Другой трезвенник, Ник Дубарев, оператор, заявил, что вчера вообще ничего видеть не мог. В первые же минуты вечеринки он умял какую-то пиццу и прилег вздремнуть прямо посреди декораций, на кровати сериального француза. Кровать эту отлично знал весь город. В ней разворачивалось множество напряженных сцен между Ликой и Островским (именно одну из таких сцен чуть было не досмотрел в свое время майор Новиков). В эту же кровать приходилось переносить действие, когда спонсор сериала, модная фирма «Омела», не подвозила вовремя стильных одежд, которые сдавались группе напрокат. В таком случае Лика снималась в дежурной атласной комбинашке, а Олег Адольфович — в своих собственных трусах. Этих трусов, впрочем, никто никогда на экране не видел — француз, памятуя про прайм-тайм, прикрывался по седую грудь одеялом.
На этом-то самом одеяле и прикорнул вчера оператор Дубарев. Заснул сразу, поскольку вымотался за день, как собака. Он бы давно убрался и спал бы в собственной кровати, но Катя Галанкина попросила после вечеринки подвезти ее домой. Она сама растолкала Ника где-то около полуночи. Сначала они передали жене Островского, не вязавшего лыка, а потом поехали к Катерине. У Катерининого подъезда стоял и ждал ее какой-то мужик с бородкой и ведром желтых хризантем. Майор Новиков понял, что это был тот самый доцент, который до утра пролежал в наручниках. Вот не повезло бедняге!
Рассказы трезвых участников вечеринки выглядели вполне достоверно. Лишь обилие спящих в павильоне тел настораживало. Свидетелями телевизионщики оказались никудышными — путали вчерашнее с прошлогодним, а явь с бредом и творческими планами. Наименее причудливыми были воспоминания сценариста Леши Кайка, белобрысого рослого детины. Он четко знал, кто где вчера сидел, что ел и сколько выпил. Разговоров никаких он не запомнил, потому что думал свою собственную думу, а потом участвовал в танце живота. Он определенно утверждал, что на диван в кабинете лег и прикрылся пальто от Армани режиссер Карасевич собственной персоной, и никто другой. А вот Маринку Хохлову, по его наблюдениям, основательно развезло. Она все время звонила кому-то по мобильнику и приглашала присоединиться к веселой компании. Никто, правда, на зов не явился.

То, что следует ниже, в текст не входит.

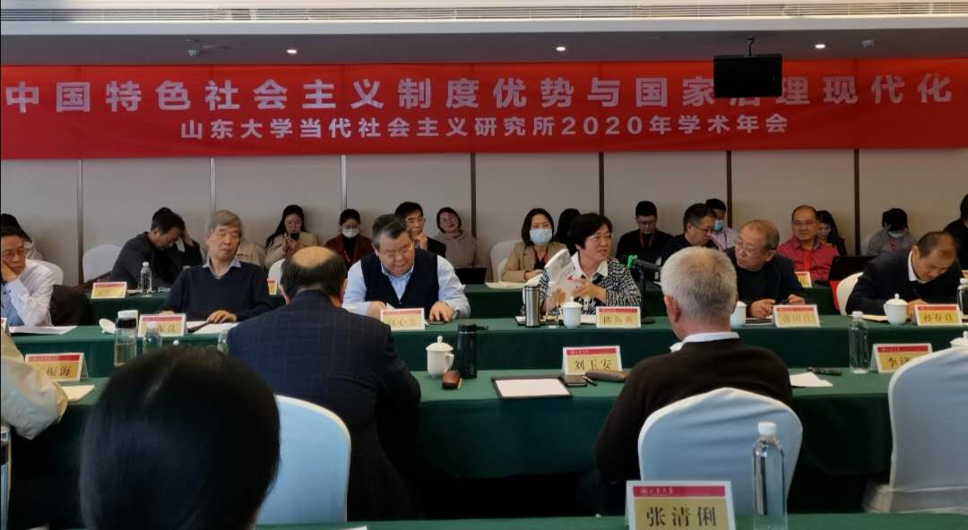 11月7日,由山东大学当代社会主义研究所主办的“中国特色社会主义制度优势与国家治理现代化”学术年会在济南召开,来自中共中央对外联络部、中共中央党校(国家行政学院)、中央党史和文献研究院、中国社会科学院、北京大学、中国人民大学、中国社会科学院大学、复旦大学、华中师范大学、郑州大学等国内高校和科研院所的100余位专家、学者参加会议,山东大学博士生导师、当代社会主义研究所所长崔桂田教授主持开幕式。BEAT365官网马克思主义研究中心主任、国家二级教授陈海燕参加会议并以“世界‘新社会主义’思潮与科学社会主义的新发展”为题作主题发言,在会上引起积极反响。

Катерина Галанкина — жена Карасевича, красавица со следами тысячи перекрасок в прическе, — к общей картине ничего интересного не добавила. Она чинно заявила, что вчера все шло, как обычно бывает в подобных случаях. Держалась она достойно, хотя Стас чувствовал: такая и соврет на голубом глазу. Тем временем народный артист Островский от волнения и похмельной слабости вдруг перешел на французский язык, которого не знал. Вопросы, заданные по-русски, он совсем перестал понимать.
Ничего нового не вспомнила и Лика Горохова. Она лишь взахлеб плакала и спрашивала, где Федя. Феди в самом деле не было. По адресам возможных баб, которые предоставила жена пропавшего, Катерина, обнаружить режиссера пока не удавалось.
Эффектная Надежда Кутузова играла в сериале самое себя, хозяйку модельного агентства. Ни с того ни с сего она напустила на себя чопорной официальности. Было достоверно известно, что вчера она отплясывала танец живота, а после лихо укатила с Кайком, но о своем танце и о прочем говорить она наотрез отказалась. Даже требовала присутствия адвоката.
Молодой художник Супрун адвокатов не звал, но «ничего такого», как он сам выразился, не видел.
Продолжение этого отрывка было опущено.